Of course, circumstances and individual character have always a share in the matter and it was in quite different ways that Legrandin (by the curious marriage of his nephew) had in his turn penetrated this milieu, that Odette’s daughter had become related to it, that Swann and finally I myself, had entered it. To myself who had been enclosed within my life, seeing it from within, Legrandin’s way appeared to have no relevance to mine and to have gone in another direction, in the same way as one who follows the course of a river through a deep valley does not see that, in spite of its windings, it is the same stream.
But, from the bird’s eye view of a statistician who ignores reasons of sentiment and the imprudences which lead to the death of an individual and only counts the number of people who die in a year, one could observe that many people starting from the same environment as that with which the beginning of this narrative has been concerned reach another quite different and it is likely that, just as in every year there are an average number of marriages, any other well-to-do and refined bourgeois milieu would have furnished about the same proportion of people like Swann, like Legrandin, like myself and like Bloch, who would be rediscovered in the ocean of “Society”. Moreover they are recognisable, for if young Comte de Cambremer impressed society with his grace, distinction and modishness, I recognised in those qualities as in his good looks and ardent ambition, the characteristics of his uncle Legrandin, that is to say, an old and very bourgeois friend of my parents, though one who had an aristocratic bearing.

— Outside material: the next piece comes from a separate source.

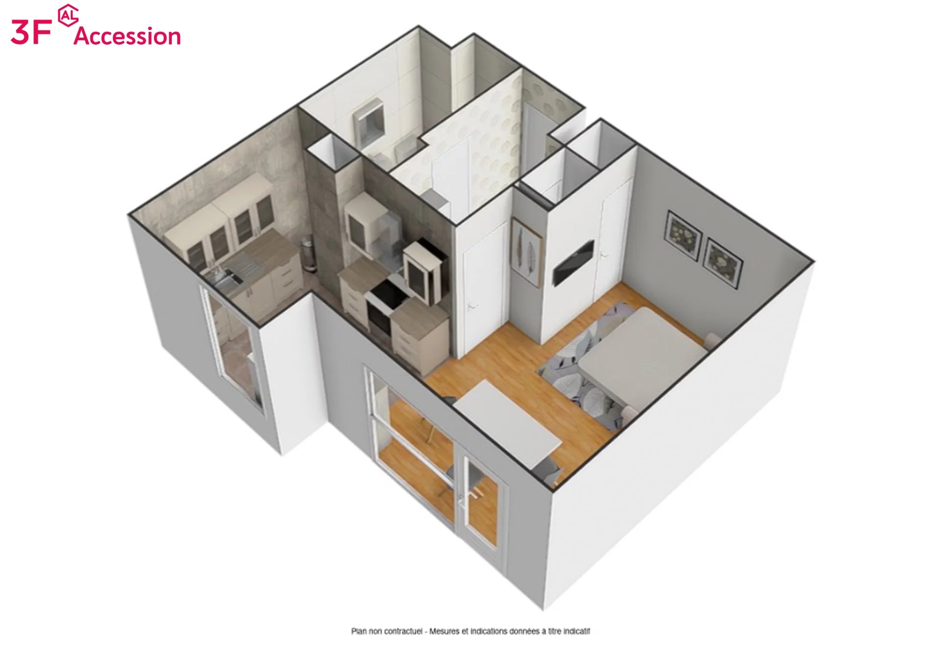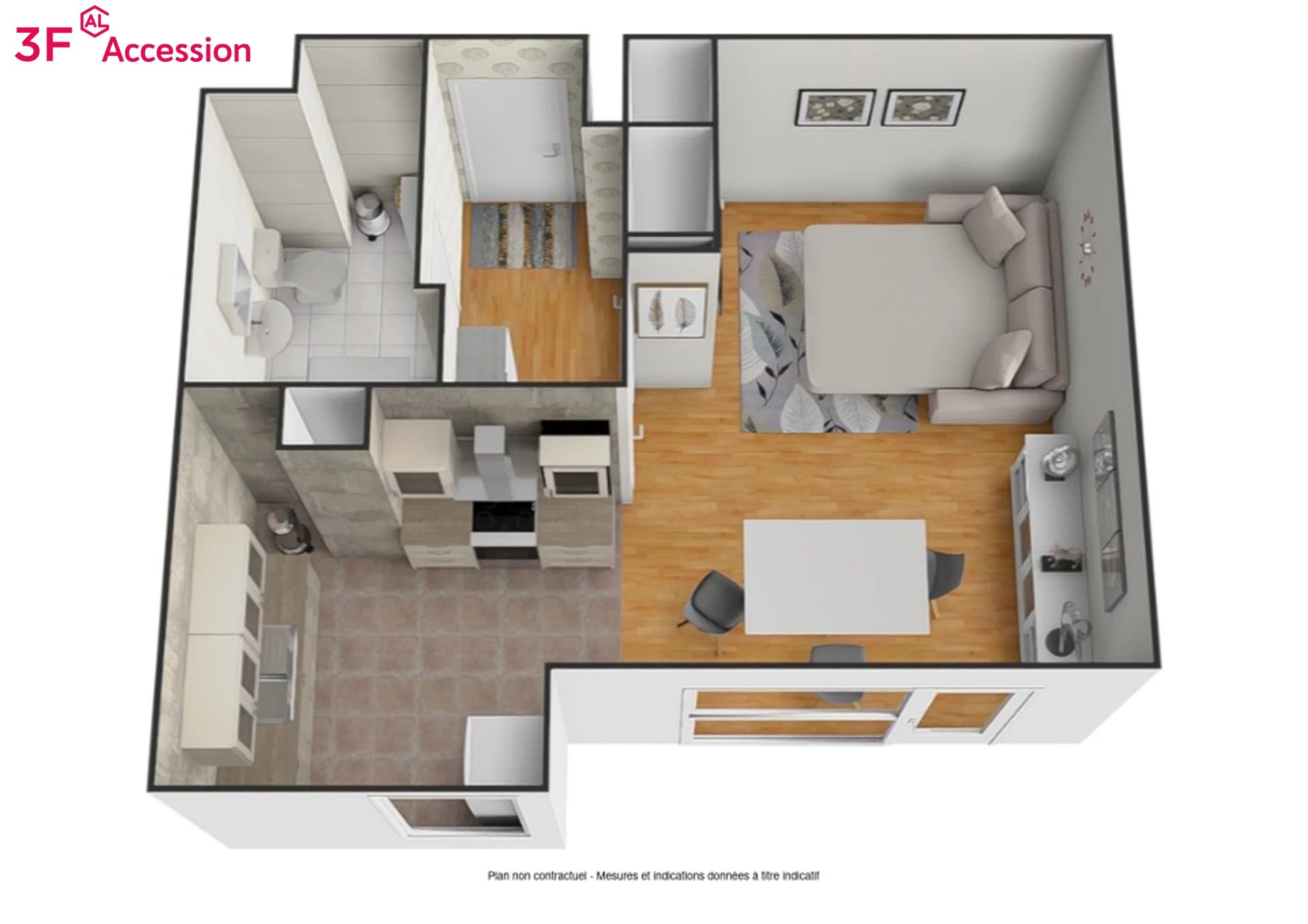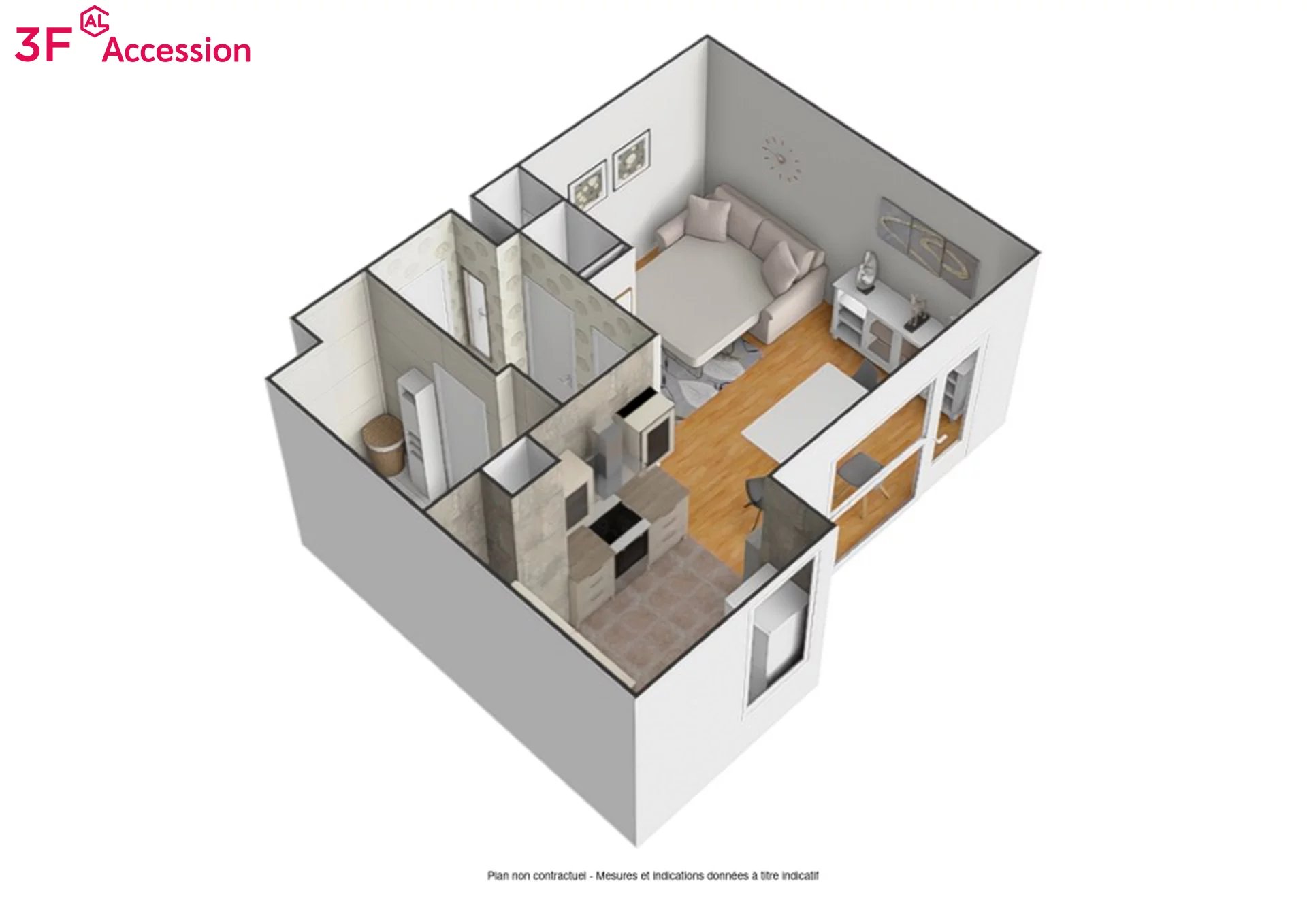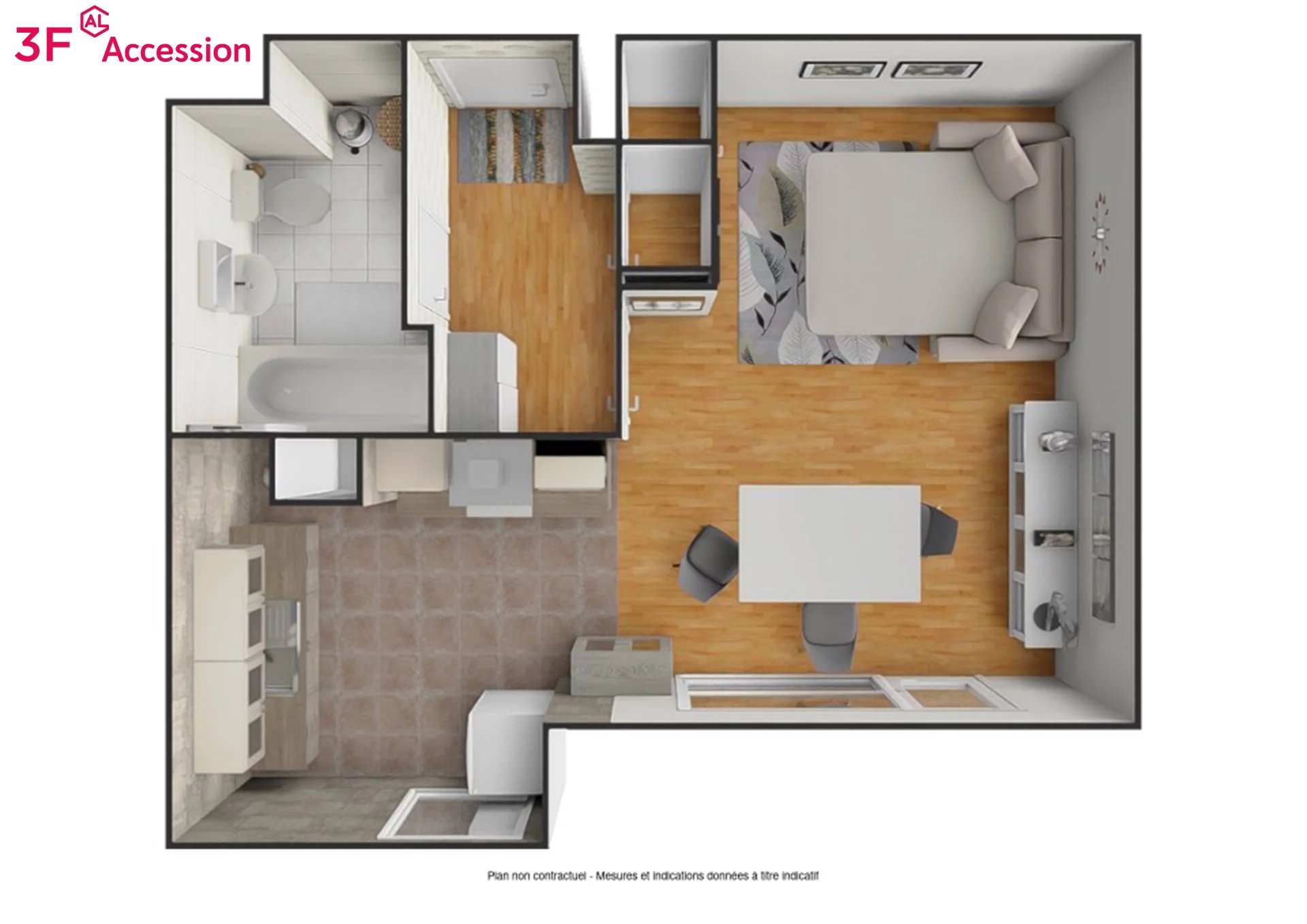 Ce logement comprenant : séjour avec cuisine ouverte, une salle de bain avec W.C, des rangements, un balcon.

Kindness, which is simply maturity, ends in sweetening natures originally more acid than Bloch’s, and is as prevalent as that sense of justice which, if we are in the right, should make us fear a prejudiced judge as little as one who is our friend. And Bloch’s grand-children would be well-mannered and discreet from birth. Bloch had perhaps not reached that point yet. But I remarked that he who formerly affected to be compelled to take a two hours’ railway-journey to see someone who hardly wanted to see him, now that he received many invitations not only to luncheon and to dinner but to come and spend a fortnight here and there, refused many of them without talking about it or boasting he had received them.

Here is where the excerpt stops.